訓読 >>>
3361
足柄(あしがら)の彼面此面(をてもこのも)に刺す罠(わな)のかなるましづみ子ろ我(あ)れ紐(ひも)解く
3362
相模嶺(さがむね)の小峰(をみね)見退(みそ)くし忘れ来る妹(いも)が名呼びて我(あ)を音(ね)し泣くな
要旨 >>>
〈3361〉足柄山のあちらにもこちらに仕掛けた罠に獲物がかかって鳴り響く、それを待つ間の静けさの中で、あの子と私はこっそりと着物のひもを解く。
〈3362〉相模嶺の懐かしい峰に背を向け見捨てるように、忘れようとしてやって来たのに、今さら妻の名を呼び覚まして私を泣かせないでくれ。
鑑賞 >>>
相模の国(神奈川県)の歌。3361の「足柄」は、静岡県と神奈川県の県境に立つ足柄山。原文では「安思我良」と表記されています。特定の山頂を指した名称ではなく、足柄峠を中心に、古くは金時山(標高1213m)を含めた連山の総称。「をてもこのも」は、山の向こう側やこちらの面、あちらこちら。「刺す罠」の「刺す」は、罠を仕掛ける。「かなるましづみ」は語義未詳ながら、「か鳴る間静み」として上記のように解していますが、「鹿鳴る間」として、鹿が鳴いてくるまでと解するのもあります。「子ろ」の「ろ」は接尾語で、女の愛称。「紐解く」は、着物の紐を解き交わして共寝する。

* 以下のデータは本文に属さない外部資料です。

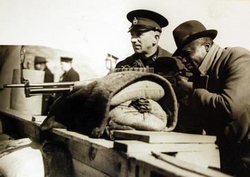 | Keywords: Lot-3478-2: British Activities, WWII. Northern Anti-Aircraft Gunnery School for Inter-Allied Merchant Seaman. Seamen of almost all nationalities are trained in anti-aircraft gunnery by Royal Navy instructors at a Northern gunnery establishment. Chinese, Dutch, Belgians and Africans all go voluntarily to learn how to handle defense weapons to repel enemy aircraft attacks. Shown: A West Indian fires a Lewis gun. Office of Emergency Management. (2016/03/04). Lot-3478-2: British Activities, WWII. Northern Anti-Aircraft Gunnery School for Inter-Allied Merchant Seaman. Seamen of almost all nationalities are trained in anti-aircraft gunnery by Royal Navy instructors at a Northern gunnery establishment. Chinese, Dutch, Belgians and Africans all go voluntarily to learn how to handle defense weapons to repel enemy aircraft attacks. Shown: A West Indian fires a Lewis gun. Office of Emergency Management. (2016/03/04). |
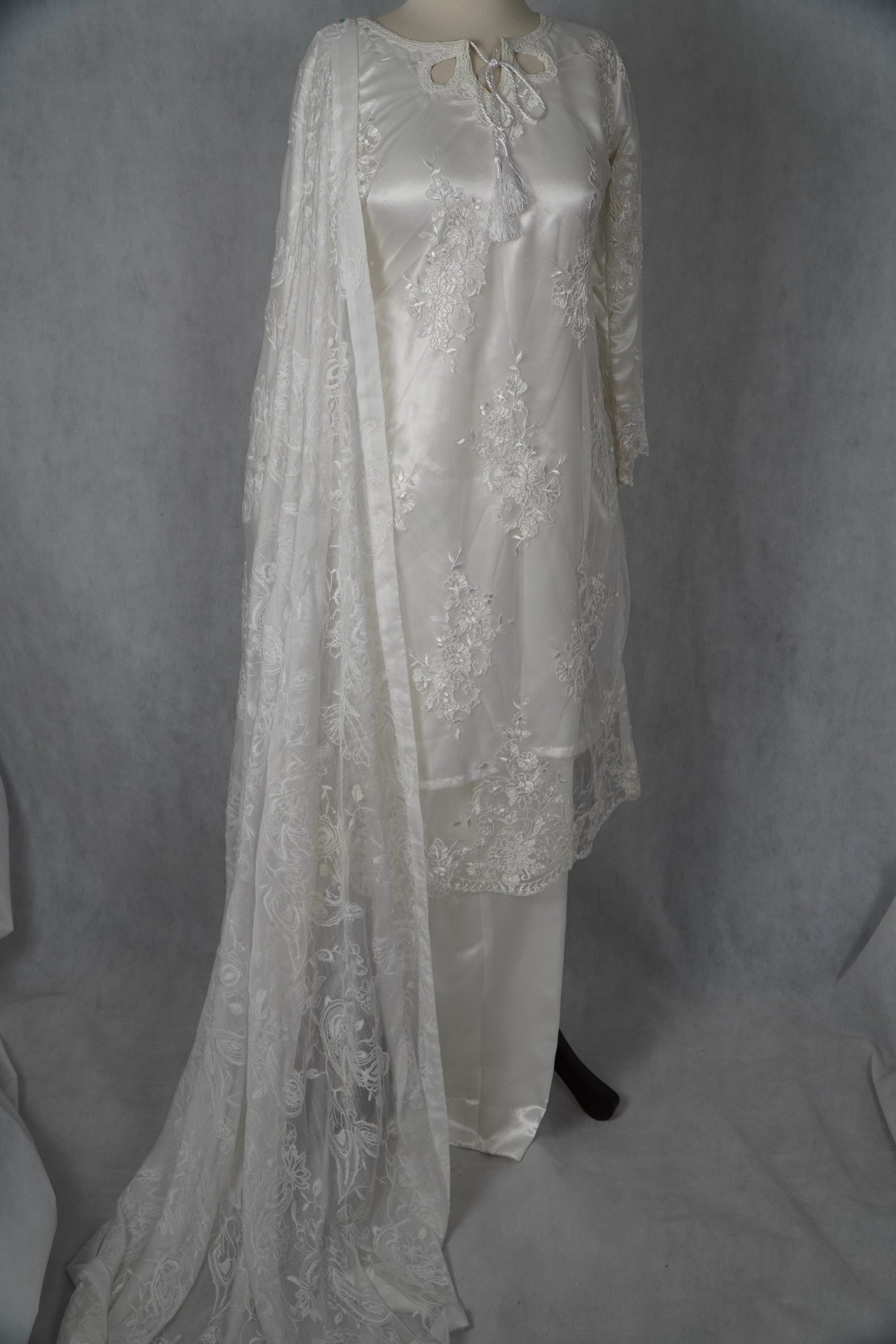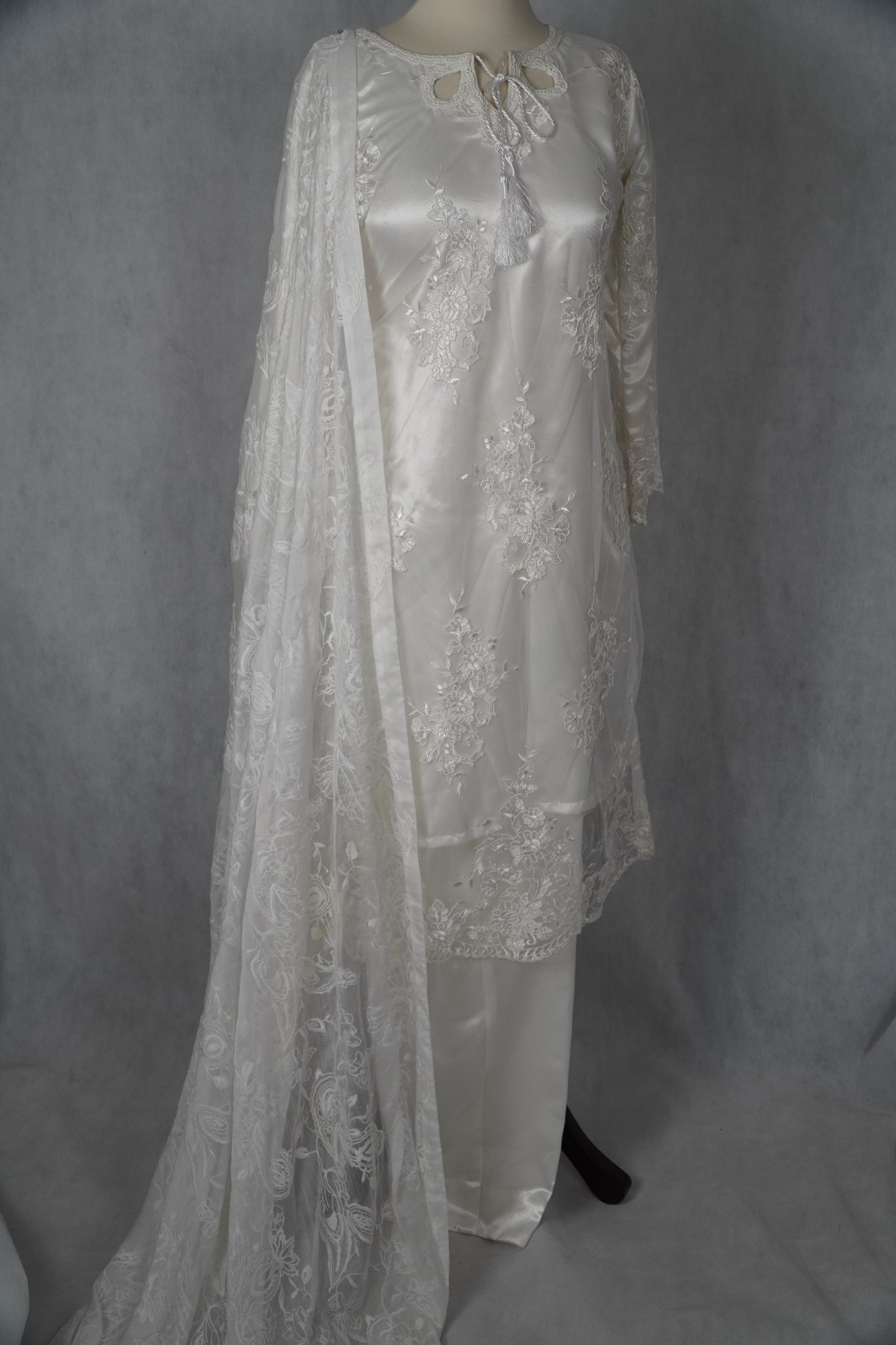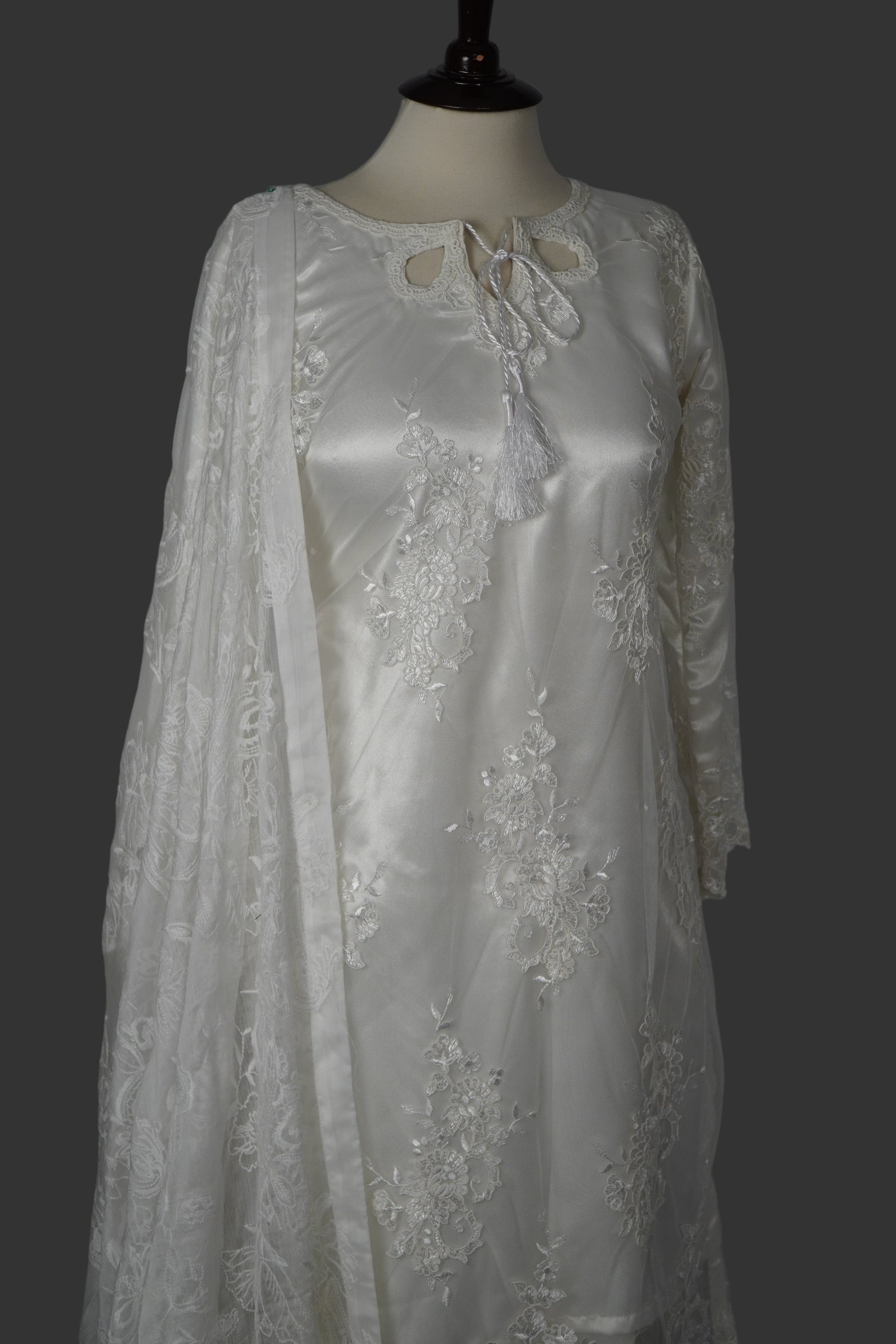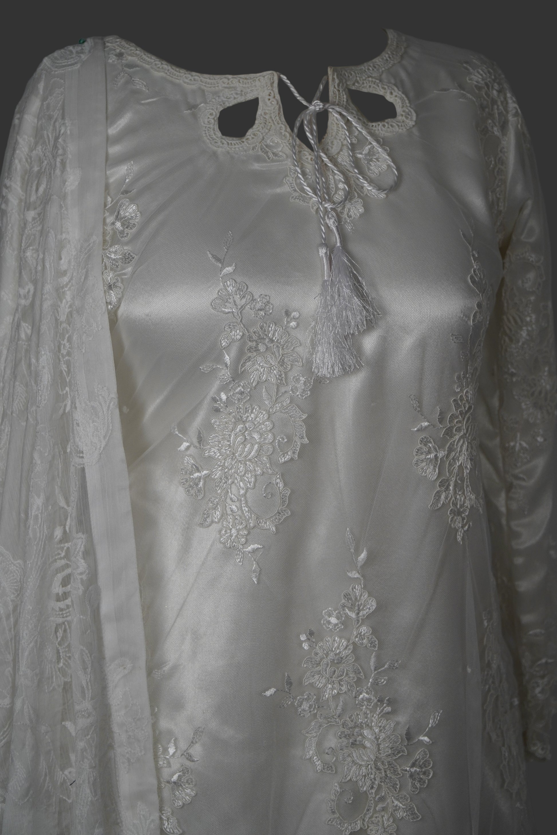 Description: A beautifully crafted ivory silk shirt adorned with delicate net embroidery and subtle floral motifs. Paired with a matching embroidered net dupatta for a graceful, timeless finish.

3362の「相模嶺」は、未詳。「さがむ」は「さがみ」の古名。「小峰」の「小」は接頭語で、ここでは妻の比喩。「見そくし」は、背を向け見捨てるようにして。あるいは、見て見ぬふりをする意だとして、「いつも見える相模の嶺の小峯を見て見ないふりをするように、つとめて忘れてきた妻の名を、つい口に出して呼んで私は泣いてしまった」のように解する説もあります。「音し泣く」は、泣くの意の慣用語「音泣く」に、「し」の強意の助詞の添えたもの。「な」は、感動の助詞。歌の解釈に諸説あるなか、ここでは、国境の峠で他人の呼んだ言葉が、偶然妻の名と一致した時の嘆きを詠ったものとしています。